The 5-4 Citizens United ruling overturned a portion of the McCain-Feingold campaign finance law under which the FEC barred the airing of a movie produced by Citizens United that was critical of Hillary Clinton during the 2008 Democratic primary.
In Citizens United, the late Justice Antonin Scalia succinctly wrote: “The (First) Amendment is written in terms of ‘speech,’ not speakers. Its text offers no foothold for excluding any category of speaker, from single individuals to partnerships of individuals, to unincorporated associations of individuals, to incorporated associations of individuals — and the dissent offers no evidence about the original meaning of the text to support any such exclusion. We are therefore simply left with the question whether the speech at issue in this case is ‘speech’ covered by the First Amendment. No one says otherwise. A documentary film critical of a potential Presidential candidate is core political speech, and its nature as such does not change simply because it was funded by a corporation. Nor does the character of that funding produce any reduction whatever in the ‘inherent worth of the speech’ and ‘its capacity for informing the public,’ … Indeed, to exclude or impede corporate speech is to muzzle the principal agents of the modern free economy.”

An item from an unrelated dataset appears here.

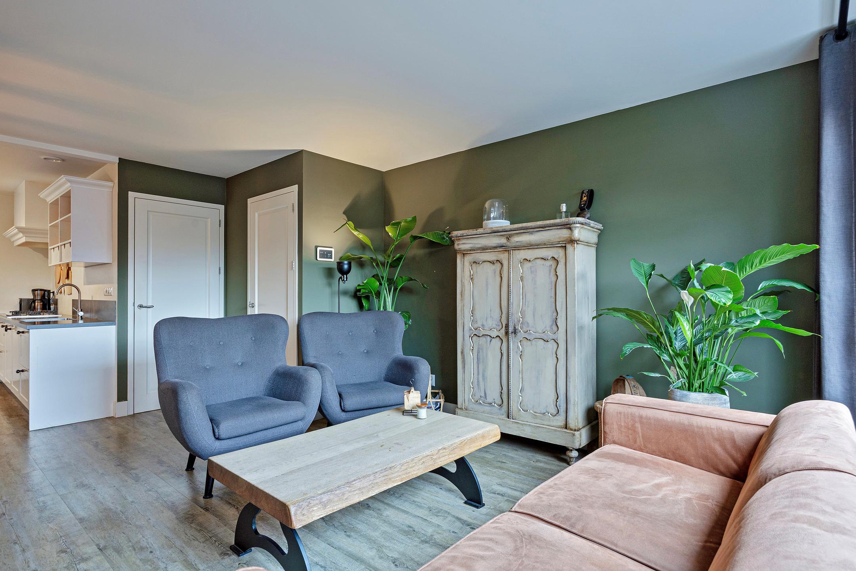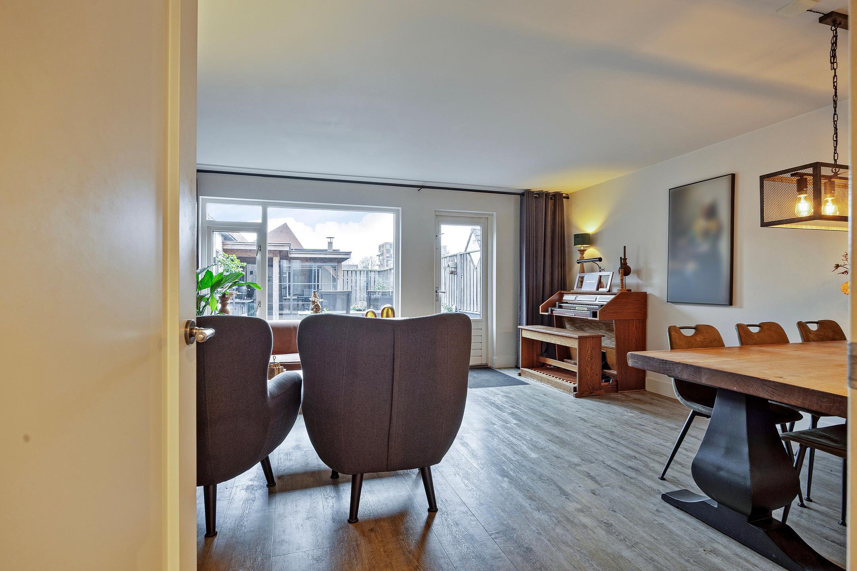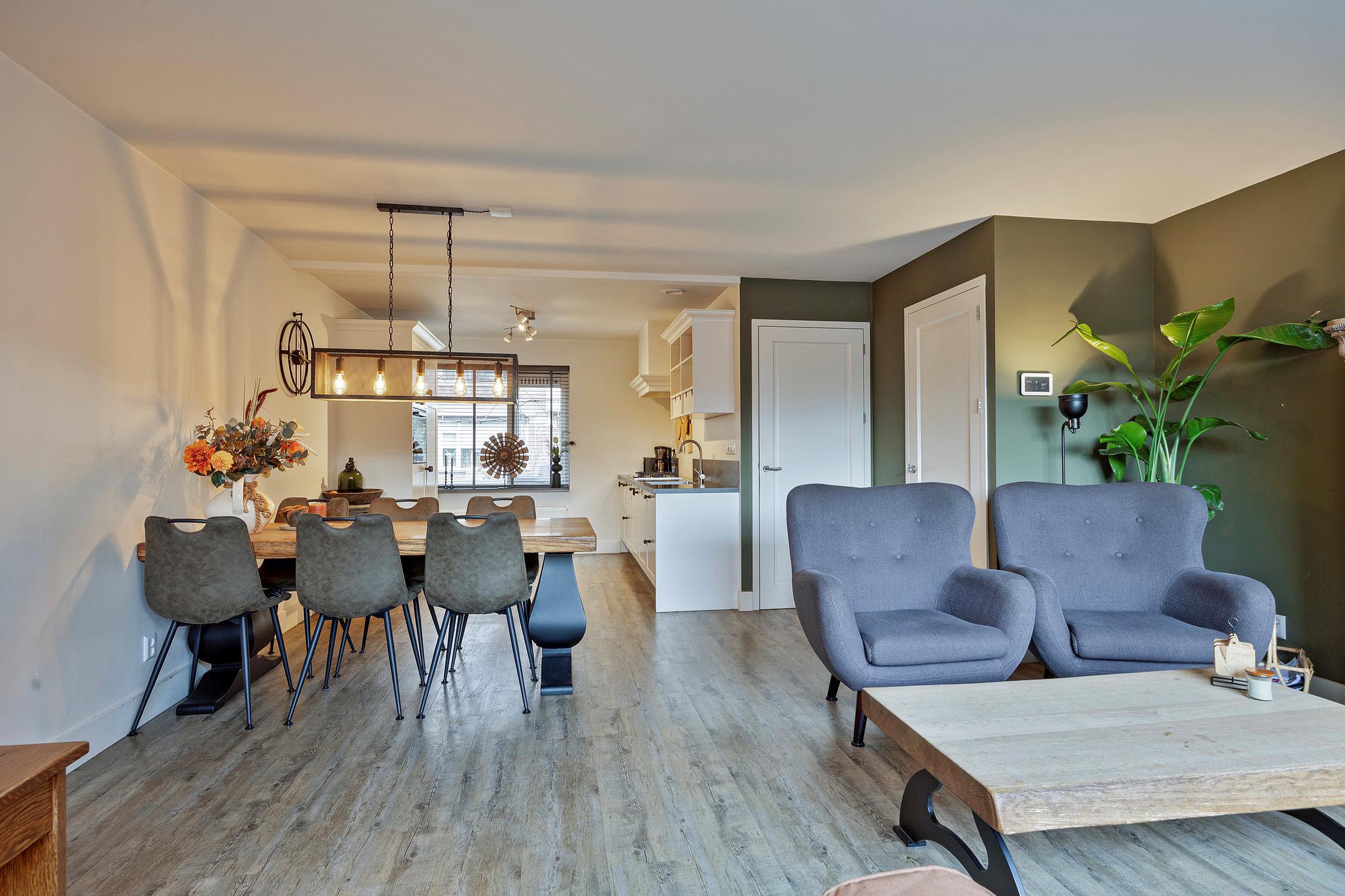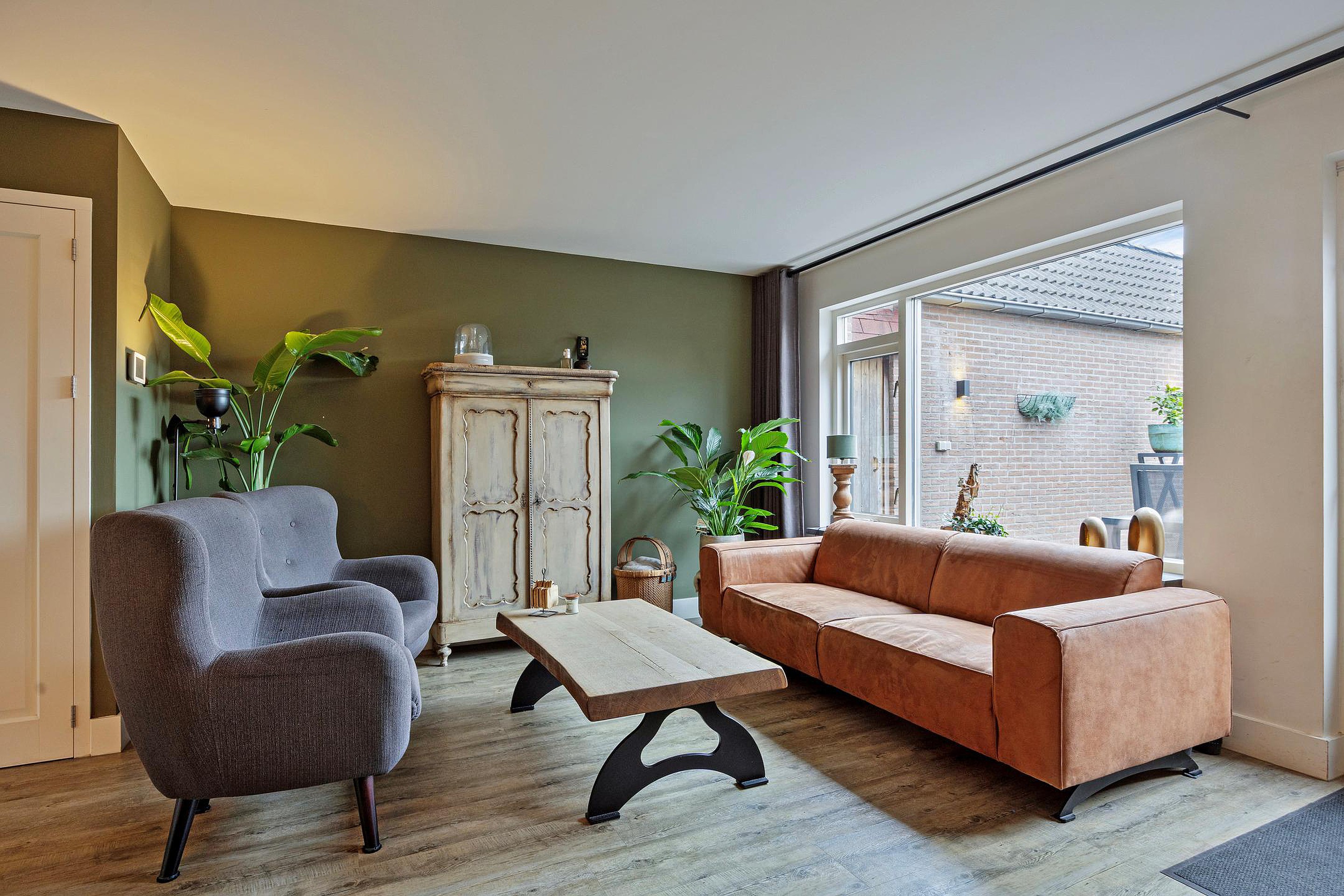 Via de entree stapt u een verzorgde hal binnen, met toegang tot het toilet met fonteintje, en de trapopgang. Eenmaal in de woonkamer merkt u direct hoe prettig de ruimte voelt: sfeervolle kleuren, grote raamvlakken en een natuurlijke overgang naar de tuin creëren een ontspannen leefruimte. De eethoek ligt centraal in de ruimte en vormt een gezellige schakel tussen de woonkamer en de royale keuken aan de voorzijde. Deze keuken is uitgerust met diverse inbouwapparatuur, waaronder een combi-oven, een gaskookplaat met schouwafzuigkap, koel-/vriescombinatie en een contrasterend werkblad dat genoeg werkruimte biedt. Alles is overzichtelijk, sfeervol en praktisch ingedeeld; helemaal klaar voor uw culinaire hoogstandjes.

But Democrats have wheeled out a proposal to amend the Bill of Rights to exclude certain free speech because it is paid for by people with money. It is wrongly called the Democracy for All Amendment.
Every Democratic member of the U.S. Senate — including Nevada Democratic Sens. Catherine Cortez Masto and Jacky Rosen — has signed on as sponsors of the proposed amendment, which would allow Congress and the states to “distinguish between natural persons and corporations or other artificial entities created by law, including by prohibiting such entities from spending money to influence elections.”
Sen. Cortez Masto put out a press release this past summer saying the amendment is intended to get big money out of politics. “Citizens United opened the floodgates for big money in politics by wrongly allowing corporations and special interests to buy undue influence in American elections,” Nevada’s senior senator wrote. “It’s time the effects of this disastrous ruling were reversed. A constitutional amendment putting the democratic process back in the hands of voters will help ensure that our government represents the will of Americans, not just the wealthy few.”
Pay no attention to the fact spending alone does not necessarily determine the outcome of an election. President Trump was outspent two-to-one by the aforementioned Hillary Clinton.
Sen. Rosen has long been a proponent of overturning Citizens United. During her campaign against Sen. Dean Heller, she declared, “Washington hasn’t been listening to the needs of Nevadans because billionaires and special interests are drowning out the voices of real people in our communities. If we’re going to make real progress on issues like climate change, gun violence and health care, then we need to bring some transparency and accountability to our broken campaign finance system. Unlike Senator Heller, I will stand up for Nevadans by speaking out for real reform and a reversal of this catastrophic Supreme Court decision.”
Ironically, the amendment concludes by stating, “Nothing in this article shall be construed to grant Congress or the States the power to abridge the freedom of the press.’’
Who do they think owns the “press” in the United States? Billionaires and corporations that’s who.
In fact, Justice Anthony Kennedy, who wrote the majority opinion in Citizens United, singled out the media exemption that was written into McCain-Feingold. Kennedy wrote, “The media exemption discloses further difficulties with the law now under consideration. There is no precedent supporting laws that attempt to distinguish between corporations which are deemed to be exempt as media corporations and those which are not. ‘We have consistently rejected the proposition that the institutional press has any constitutional privilege beyond that of other speakers.’ … And the exemption results in a further, separate reason for finding this law invalid: Again by its own terms, the law exempts some corporations but covers others, even though both have the need or the motive to communicate their views.”
Justice Kennedy concluded, “The First Amendment confirms the freedom to think for ourselves.”
Earlier this past year the House Democrats got into the act by putting forward the 600-page H.R. 1, dubiously dubbed “For the People Act,” which, along with other things, would require increased disclosure of donors and online advertisers. It is co-sponsored by all three of Nevada’s Democratic representatives — Dina Titus, Susie Lee and Steven Horsford.
Citizens United actually left in place certain financial disclosure requirements under McCain-Feingold. In fact, this prompted Justice Clarence Thomas to write a dissent in which he observed that disclosure requirements have spawned a cottage industry that uses donor information to intimidate, retaliate, threaten and boycott individuals and businesses with whom they disagree.
Thomas wrote, “The disclosure, disclaimer, and reporting requirements in (the law) are also unconstitutional. … Congress may not abridge the ‘right to anonymous speech’ based on the ‘simple interest in providing voters with additional relevant information …’”
The Founders frequently engaged in anonymous speech and protected it with the First Amendment. The Federalist Papers were penned under pseudonyms.
It’s not just the Democrats in Washington who want to gag free speech. In 2017 the Democrats in Carson City horned in on the act, pushing Senate Joint Resolution 4, urging Congress to amend the Constitution to overturn Citizens United. It was sponsored by Las Vegas Democratic state Sen. Nicole Cannizzaro.
The summary of SJR4 read: “Urges Congress to propose an amendment to the United States Constitution to allow the reasonable regulation of political contributions and expenditures by corporations, unions and individuals to protect the integrity of elections and the equal right of all Americans to effective representation.”
It may as well have read: “Democracy is dead because the citizens of the United States are too stupid to hear vigorous debate and make rational decisions.”
The resolution passed both the Assembly and state Senate with all Democrats voting in favor and all Republicans voting against.
The fight for free speech never ends.